HONOLULU, Hawaii (HawaiiNewsNow) - Nov. 2, 1999 started out normal enough.
At the Xerox building in Honolulu that Tuesday, workers arrived as usual and headed to their desks.
Then just after 8 a.m., one of their coworkers ― Byran Uyesugi ― walked in and opened fire with a 9 mm handgun.
By the time the shooting stopped, seven people were dead.
Saturday marks 20 years since that worst mass shooting in Hawaii history, and disbelief over the scale of carnage and heartache Uyesugi left in his path still remain.
Claire Nakayama Dodson, one of the jurors who would convict Uyesugi in his murder trial, said the killer seemed so quiet and unassuming.
"He just talked very calmly. There was no expression,” she said.
But as the trial went on, Dodson said, it was clear Uyesugi not only had another side ― but knew the difference between right and wrong.
“He knew about the Bible and the Ten Commandments. That was the clincher,” she said.
Uyesugi, now in his 60s, is held at the Saguaro Correctional Center in Arizona. And barring a significant change in his sentence, he’ll die behind bars.
Following his conviction in 2000, the Hawaii parole board ordered Uyesugi to serve a minimum term of 235 years in prison — the longest sentence ever for a Hawaii inmate.
Former Honolulu Mayor Peter Carlisle served as a prosecutor in the trial. He said the conviction was cold comfort to Uyesugi’s countless victims ― the wives and mothers, fathers and brothers, and the children and grandchildren who lost so much on Nov. 2, 1999.
"I’m obviously pleased that we got that verdict, but it’s profoundly inadequate to address how much we’ve lost,” Carlisle said.
On the day Uyesugi walked into the Xerox warehouse off Nimitz Highway and gunned down his coworkers, he had been employed with the company for 15 years and feared he would be fired.
Police, medical personnel and others swarmed to the Xerox building after getting 911 calls of a deadly shooting.

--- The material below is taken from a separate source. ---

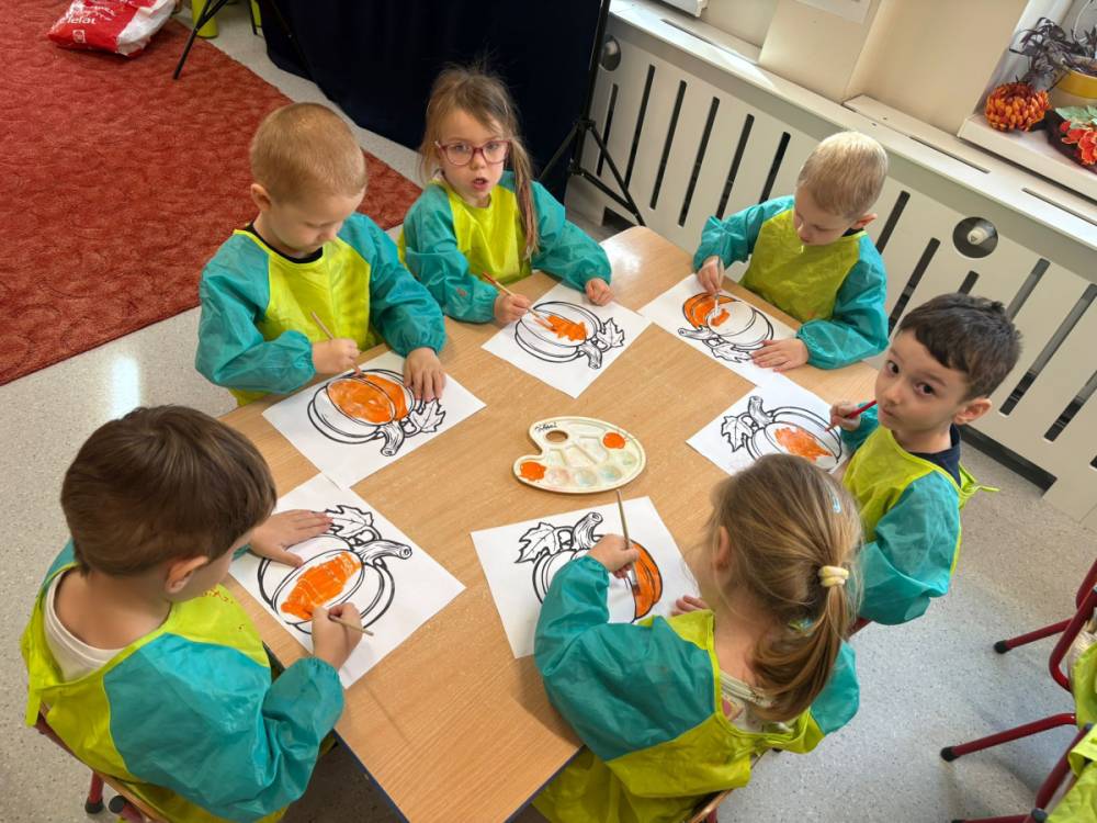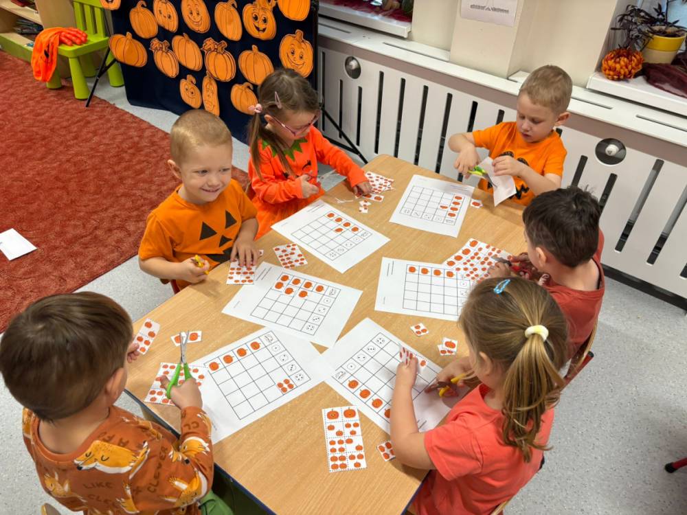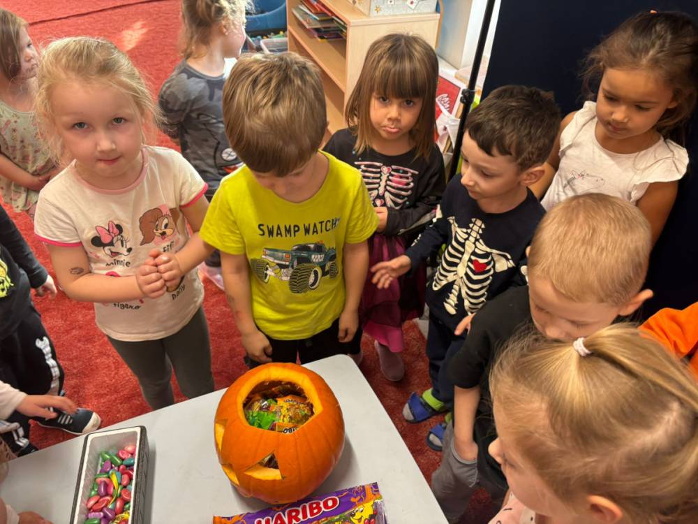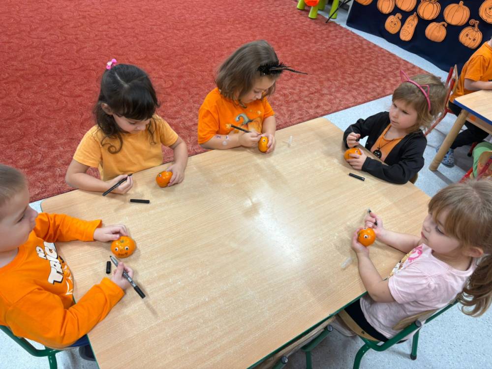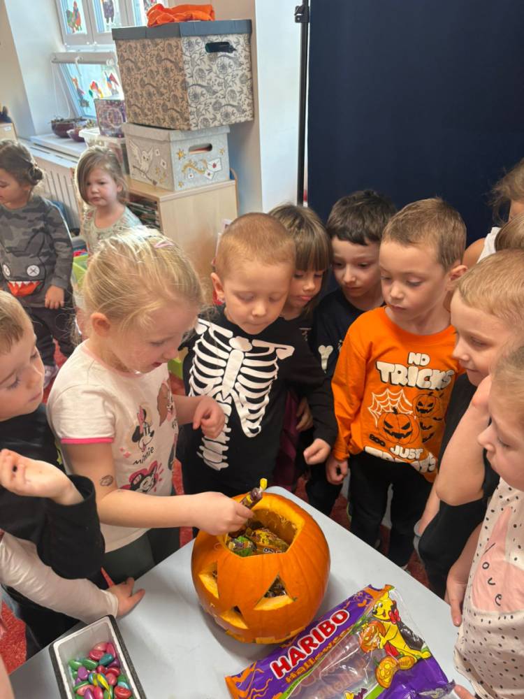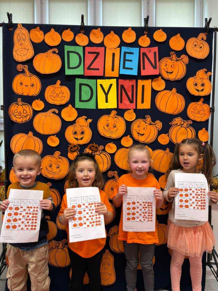 Dzieci uczestniczą w zabawach z okazji Dnia Dyni .

There was disbelief as the scale of the tragedy unfolded through the day.
“You would never think it would happen, you know, at your workplace,” an employee said that day. “I mean you hear it all around, but, you know, this is too close. Way too close.”
“Personally, I think this is the largest number of victims in a single murder case,” a police officer said.

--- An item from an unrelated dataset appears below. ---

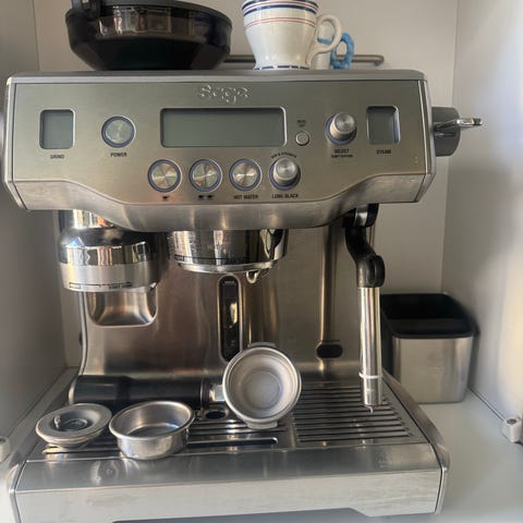 Sage espressomaskine i rustfrit stål med indbygget kværn. Maskinen har frontbetjente knapper, trykmåler, aftagelig drypbakke og damparm til opskumning af mælk. Egnet til brygning af espresso og andre kaffedrikke i hjemmet. Portafilter og bryggeenhed er placeret frontalt for nem betjening.
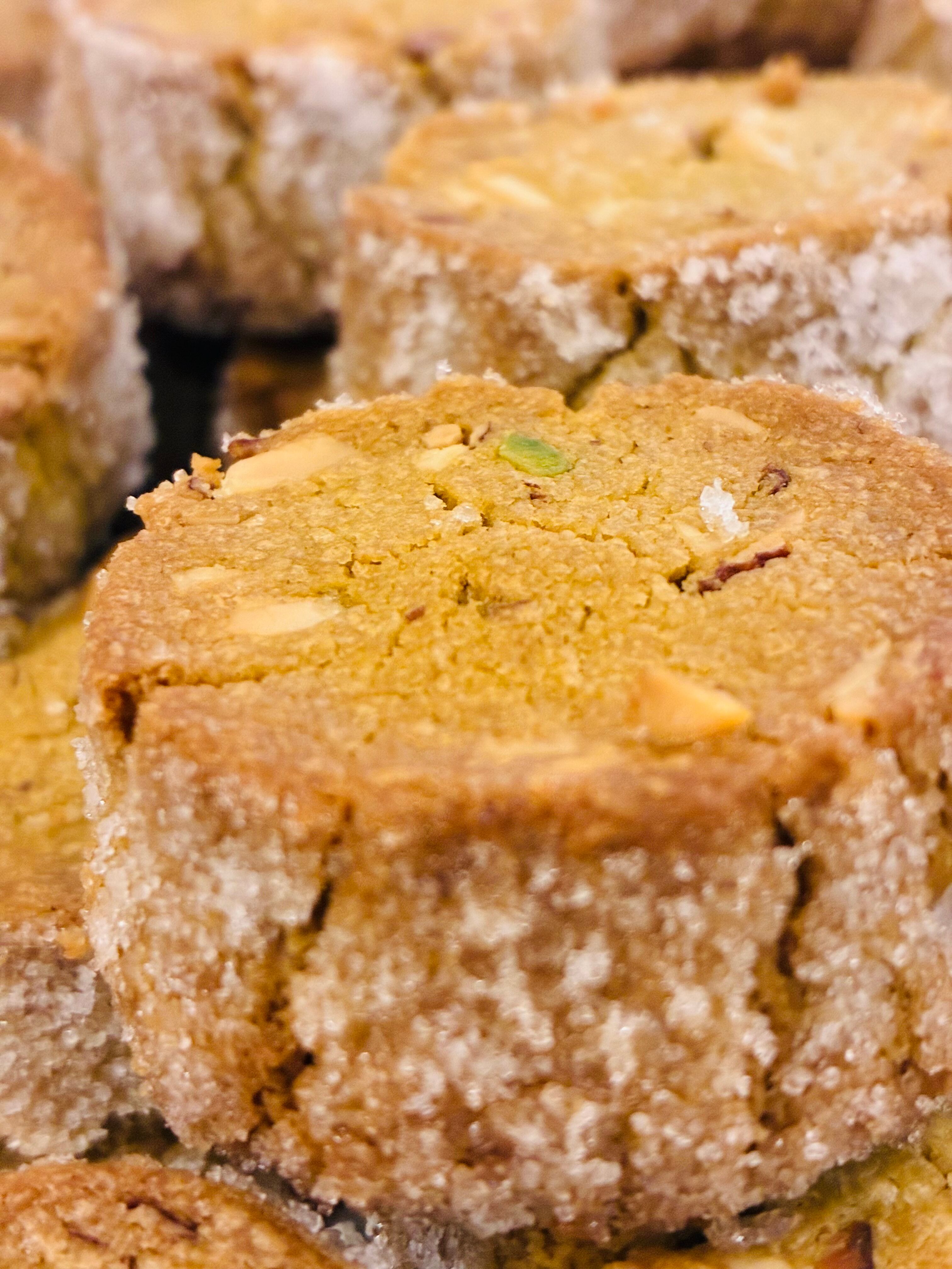 ベルギーバター、シチリアブロンテ村の最高級ピスタチオ、オーガニックアーモンド使用。

Seven men died: Jason Balatico, Ford Kanehira, Ronald Kataoka, Ronald Kawamae, Melvin Lee, Peter Mark and John Sakamoto.
After the shooting, Uyesugi drove away from the scene to an area near the Hawaii Nature Center, where he sat in his car, smoking cigarettes.
He was finally captured after an hours-long standoff with police and charged with first-degree murder. He pleaded not guilty by reason of insanity.
Uyesugi's attorneys said he was deluded, believing that his coworkers were plotting against him.
“There had been years and years and years of torment. Of conspiracy. Of sabotage. And although they may not in actuality have happened, he believed that,” said defense attorney Jerel Fonseca.
“These were fixed, firm, unshakable beliefs.”
But the prosecution said Uyesugi was deliberate in what he did.
"November 2nd was his opportunity,” Carlisle said.
“He’d been thinking about killing these people for years and years, and the problem — one of the problems he confronted was basically they’re never in the same location at the same time. That morning, everybody that he wanted to kill was going to be in the same room.”
Five of the men killed at the Xerox building were shot in a conference room, according to police. Two others were in a separate office.
Several coworkers had reported having difficulty working with him and said he had threatened their lives. Uyesugi himself had also filed harassment complaints about his colleagues.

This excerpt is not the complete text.